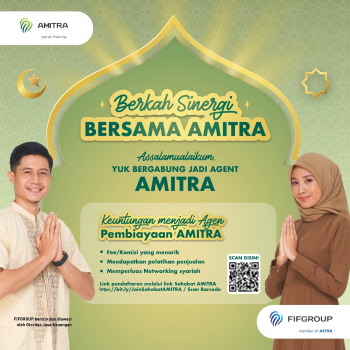 JAKARTA, (JT) - PT Sharia Multifinance Astra (PT SMA) dengan brand service-nya bernama AMITRA yang merupakan anak perusahaan PT Astra International Tbk dan bagian dari FIFGROUP dalam menyediakan pembiayaan syariah. Kali ini Amitra memberikan peluang penghasilan tambahan baru bagi masyarakat. Peluang ini dapat dimanfaatkan melalui Program Kerja Sama Rekanan yang dilakukan bersama dengan AMITRA.
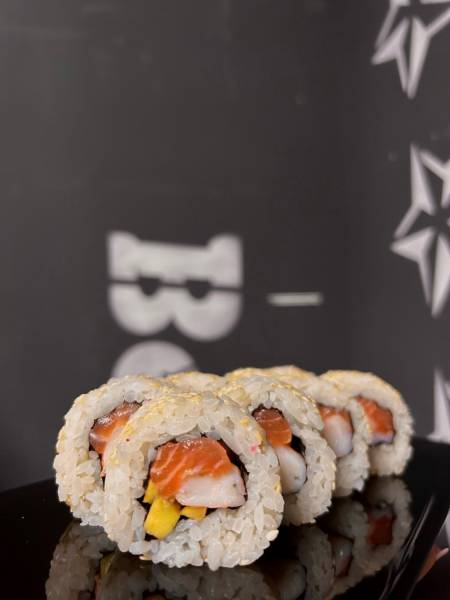 Рис, сыр, креветка, авокадо, дайкон, лосось обожженный, соус манго-чили, лепестки миндаля, икра масаго
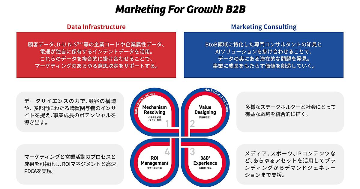 BtoBのマーケティングは、企業の意思決定者や購買担当者の行動データ分析に基づく購買意向や関心の理解が重要となり、適切なマーケティング戦略の策定・実行には業界特有の課題解決への知見が求められることから、Marketing For Growth B2Bを展開する。ウェブ上で顧客が意図を持って起こした行動データのインテントデータやAI(人工知能)を活用する。
● ● ● ●
_Problem to solve:_ Reproduce the material word for word, but without its images.

_Output of the task:_
 JAKARTA, (JT) - PT Sharia Multifinance Astra (PT SMA) dengan brand service-nya bernama AMITRA yang merupakan anak perusahaan PT Astra International Tbk dan bagian dari FIFGROUP dalam menyediakan pembiayaan syariah. Kali ini Amitra memberikan peluang penghasilan tambahan baru bagi masyarakat. Peluang ini dapat dimanfaatkan melalui Program Kerja Sama Rekanan yang dilakukan bersama dengan AMITRA.
 Рис, сыр, креветка, авокадо, дайкон, лосось обожженный, соус манго-чили, лепестки миндаля, икра масаго
 BtoBのマーケティングは、企業の意思決定者や購買担当者の行動データ分析に基づく購買意向や関心の理解が重要となり、適切なマーケティング戦略の策定・実行には業界特有の課題解決への知見が求められることから、Marketing For Growth B2Bを展開する。ウェブ上で顧客が意図を持って起こした行動データのインテントデータやAI(人工知能)を活用する。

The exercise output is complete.